Foreign Policy Essay
Rethinking How the United States Trains Foreign Militaries
Editor’s Note: The United States has invested heavily in training militaries around the world with at best limited success. Brandeis University’s Renanah Miles Joyce examines the pitfalls of different approaches, with a particular emphasis on when U.S. efforts to spread the norms of respect for human rights and civilian control succeed and fail and how the United States can do better.
In May, President Biden quietly signed an order authorizing a persistent U.S. military presence in Somalia. U.S. troops are not engaging in direct combat operations there; instead, they are primarily training and advising Somali and African Union partner forces to fight the terrorist group al-Shabaab. These training efforts are part of a global web of U.S. military training and advising that aims both to build partner militaries’ warfighting capabilities and to influence when and how they fight.

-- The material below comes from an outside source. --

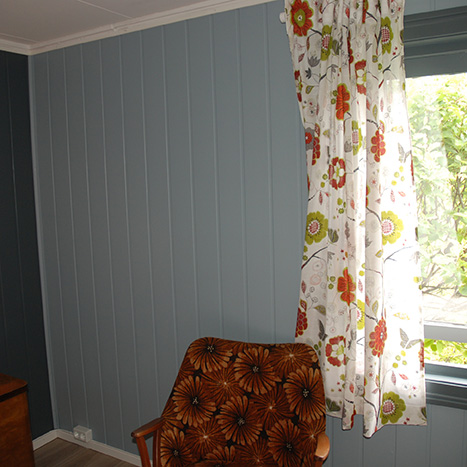 Jeg liker sommerhuset mitt så godt. Tror det må være en av de beste plassene på jorden. Nå er også soverommet “ferdig”. Ja, det er jo ikke helt ferdig da, men vi har malt og lagt gulv og ikke minst fått opp senga, nattbordene og kommoden. Jeg tror vi har fått til “50-tall stilen” som vi gikk for. Fargene er litt både litt reto- og litt sommerhusaktig, de gamle soveromsmøblene synes jeg forsterker innrykket av den tiden da svigerfar bygget huset – altså på tidlig 50-tall. Uansett, jeg synes at det ble skikkelig fint!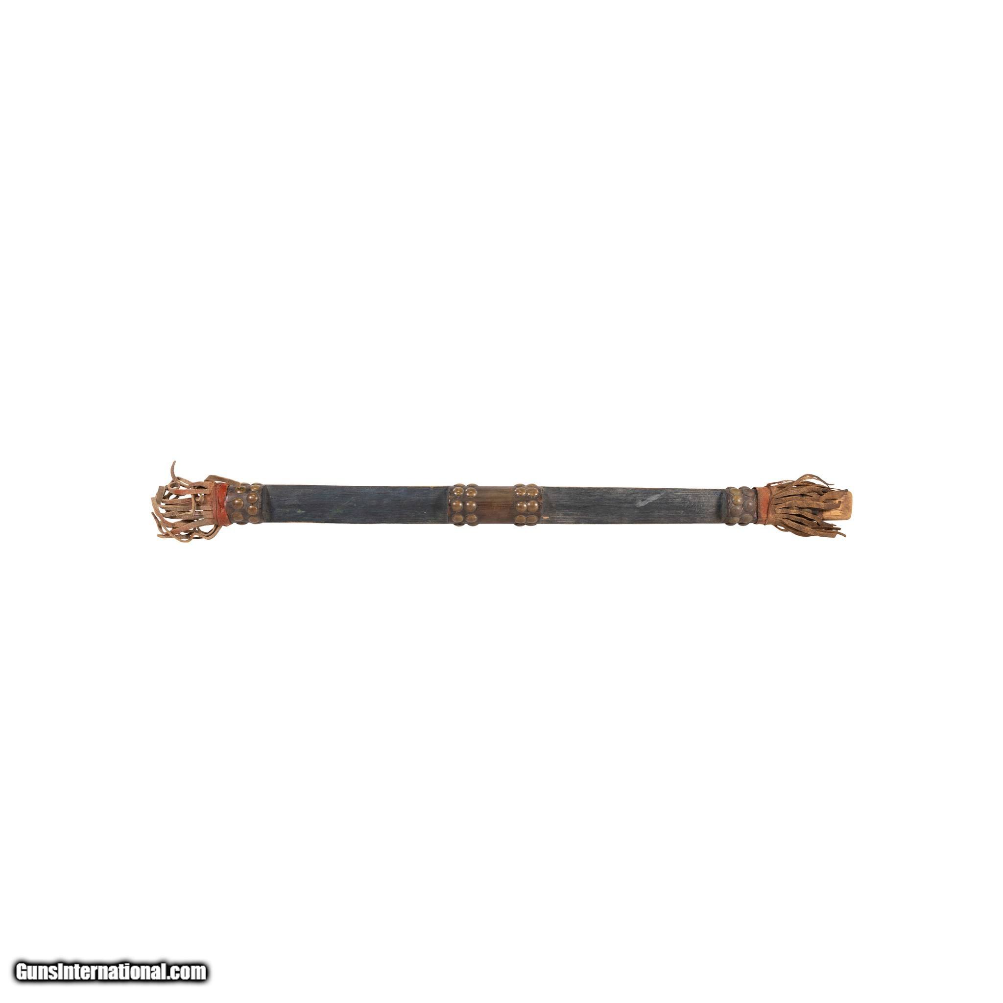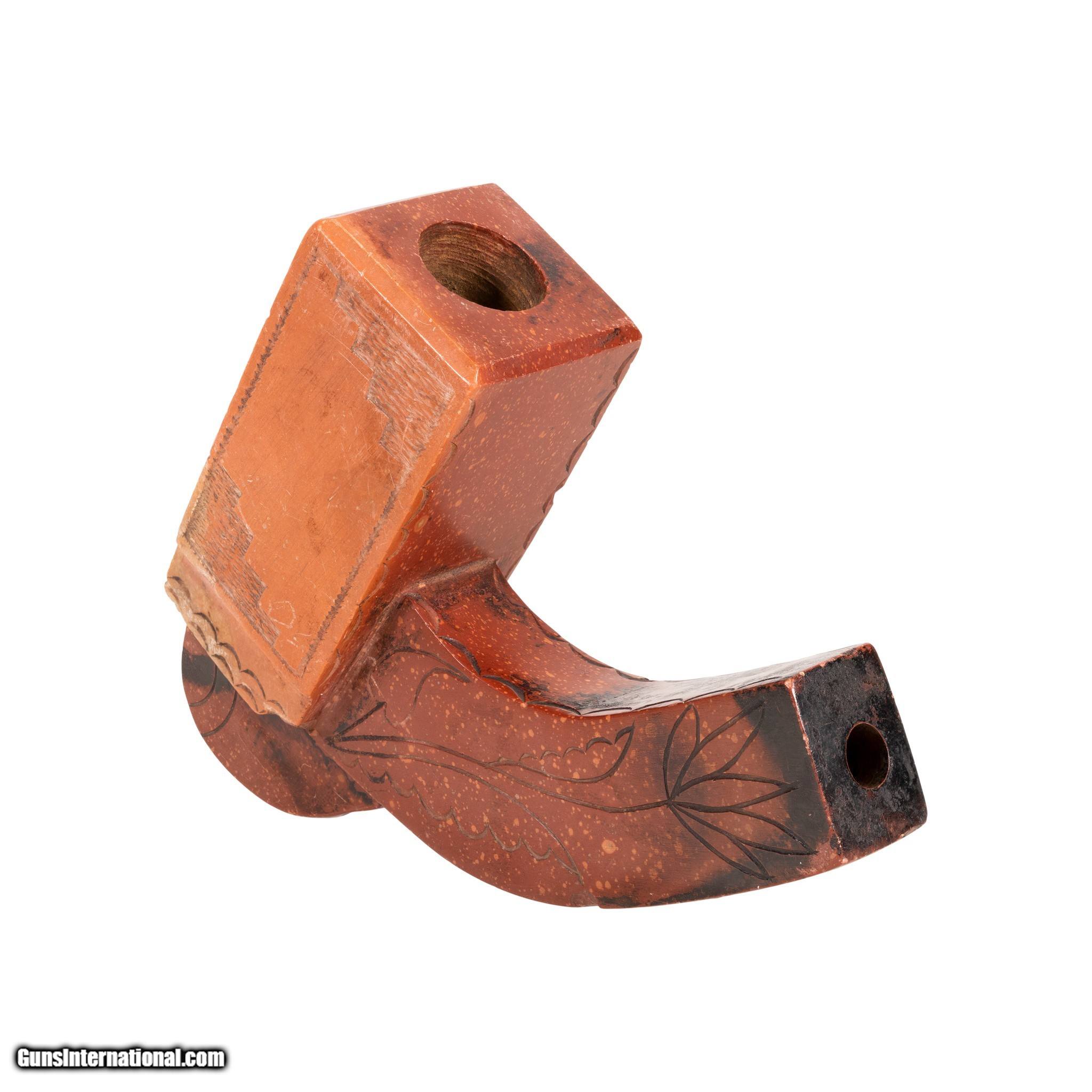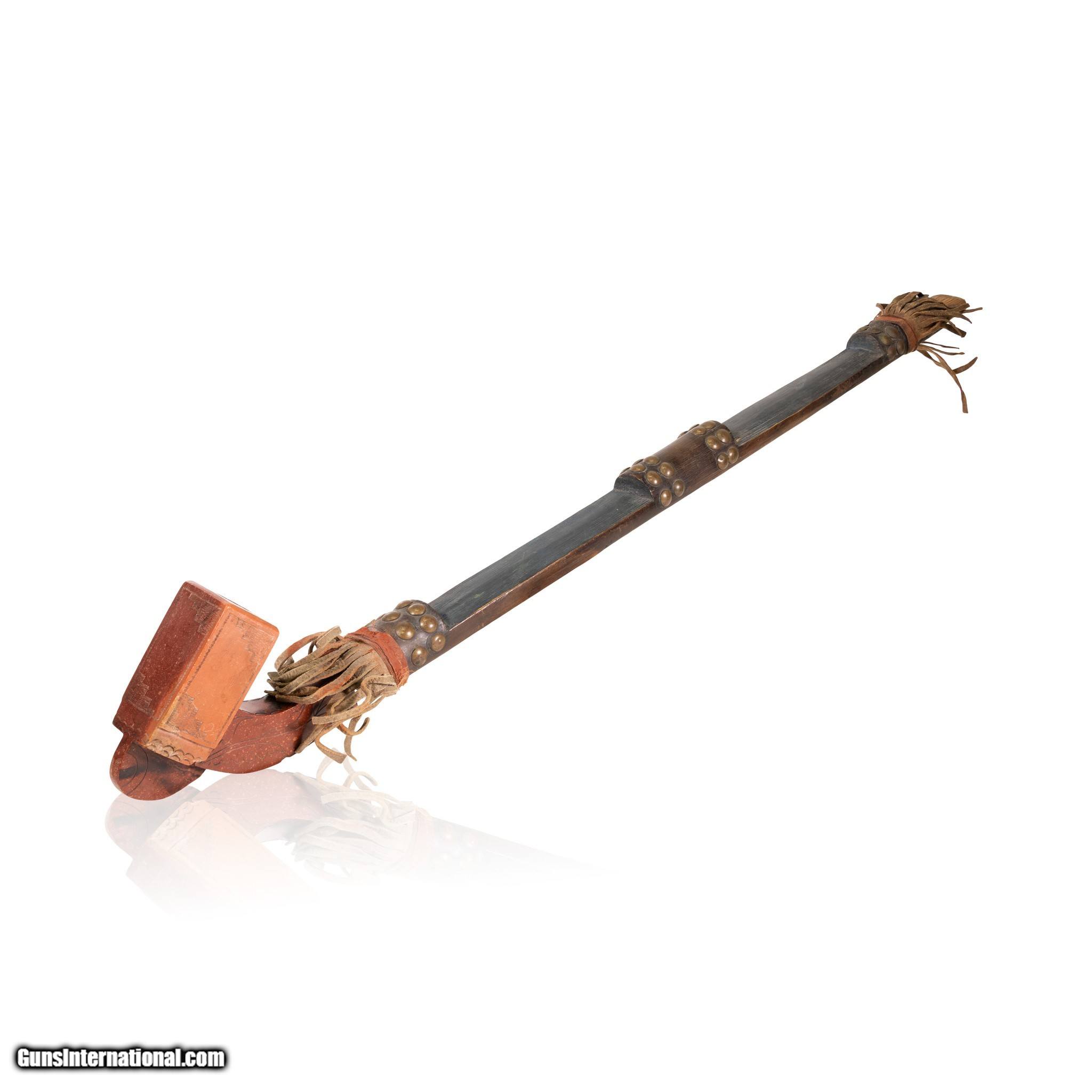 Description: Crow elbow pipe with stylized and etched catlinite bowl, tacked and painted stem, brain tanned red ochre covered fringe both ends. A smoked piece. Ex. Treasure Island Museum, St. Ignas, Michigan. Collection No. 00732. Bowl 4" Overall 26 SOLD |

The United States has different tools at its disposal to influence security partners: It can provide material goods such as arms and equipment to incentivize good behavior, or it can make support conditional on partners doing what it wants. Both approaches have problems. Generous flows of assistance rarely motivate partners to change, particularly when they get what they want without having to make painful adjustments. Conditionality has a better track record, but it can backfire. Pushing weak partners too far risks their collapse, and alternative providers such as China and Russia create outside options that allow them to dodge compliance.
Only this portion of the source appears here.